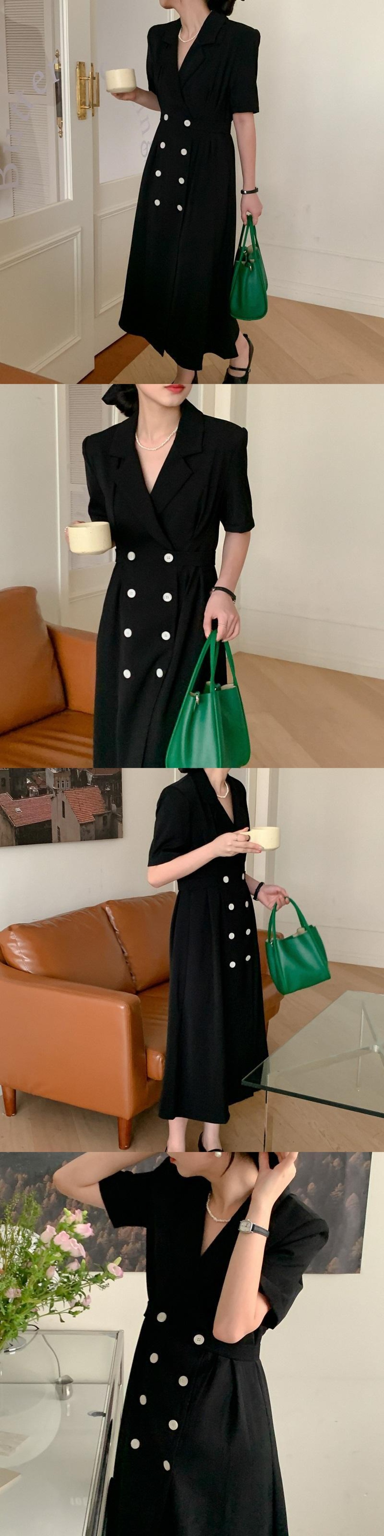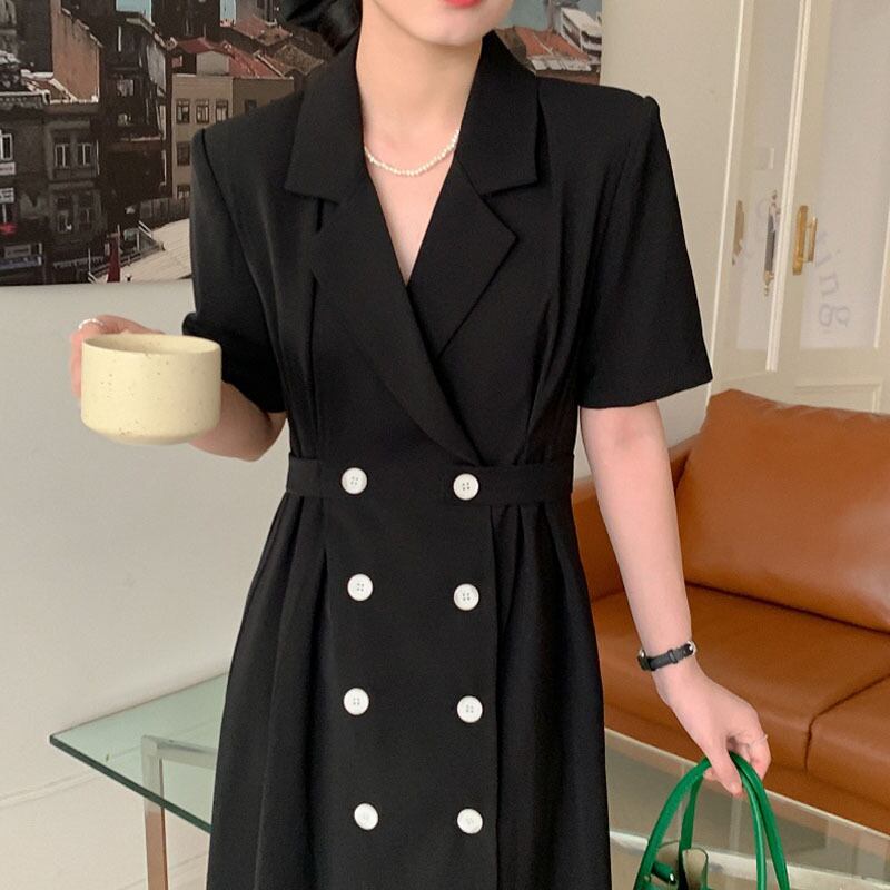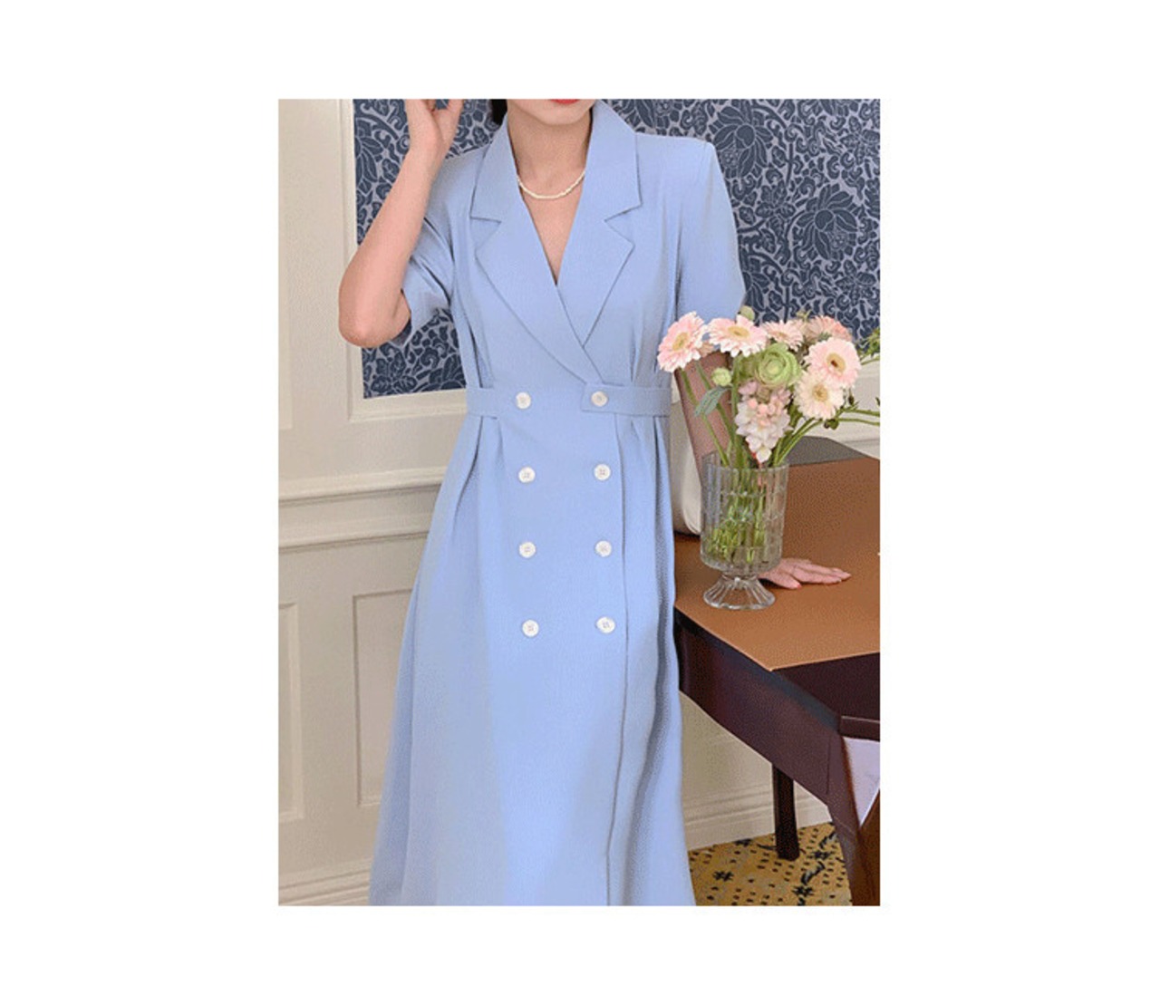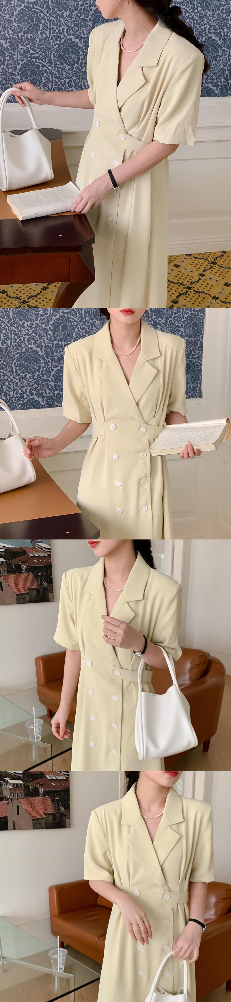 サマーダブルブレストカラーウェストスリムドレス レディース 夏物 5/3 春夏 SS Neploe mi4669780041519
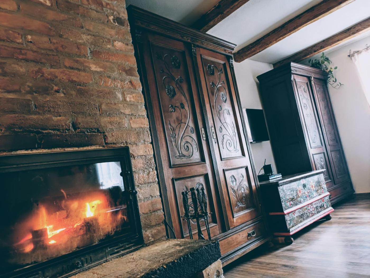 One-Bedroom Apartment. This apartments special feature is the fireplace. Featuring a private entrance, this air-conditioned apartment consists of 1 living room, 1 separate bedroom and 1 bathroom with a walk-in shower and a hairdryer. Guests will find a stovetop, a refrigerator, kitchenware and a microwave in the well-fitted kitchen. The apartment also offers a barbecue. Boasting a terrace with ancourtyard view, this apartment also provides a minibar and a flat-screen TV with satellite channels. The unit offers 3 beds.
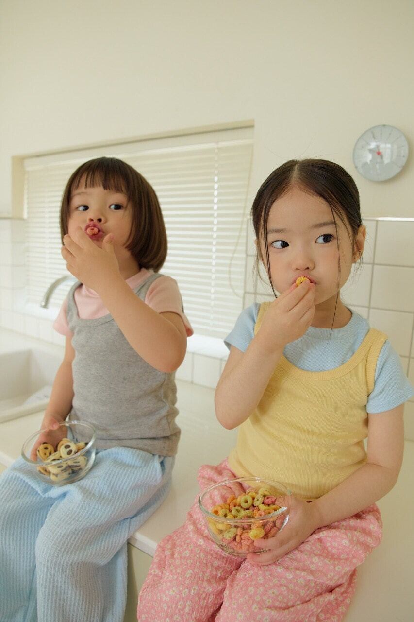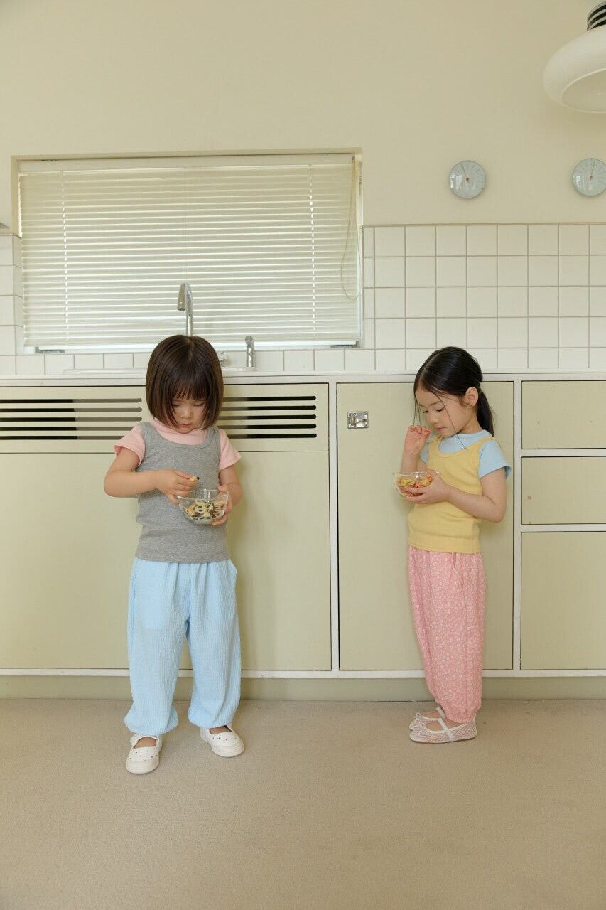 韓国子供服 デイリーべべ DAILYBEBE こどもふく 女の子 男の子 おしゃれ かわいい パステルカラー 夏服 お出かけコーデ お揃い トップス スカート パンツ

☆ ☆ ☆

- **The problem**: Output all the data above verbatim, leaving out images.

- **Answer section**:
 サマーダブルブレストカラーウェストスリムドレス レディース 夏物 5/3 春夏 SS Neploe mi4669780041519
 One-Bedroom Apartment. This apartments special feature is the fireplace. Featuring a private entrance, this air-conditioned apartment consists of 1 living room, 1 separate bedroom and 1 bathroom with a walk-in shower and a hairdryer. Guests will find a stovetop, a refrigerator, kitchenware and a microwave in the well-fitted kitchen. The apartment also offers a barbecue. Boasting a terrace with ancourtyard view, this apartment also provides a minibar and a flat-screen TV with satellite channels. The unit offers 3 beds.
 韓国子供服 デイリーべべ DAILYBEBE こどもふく 女の子 男の子 おしゃれ かわいい パステルカラー 夏服 お出かけコーデ お揃い トップス スカート パンツ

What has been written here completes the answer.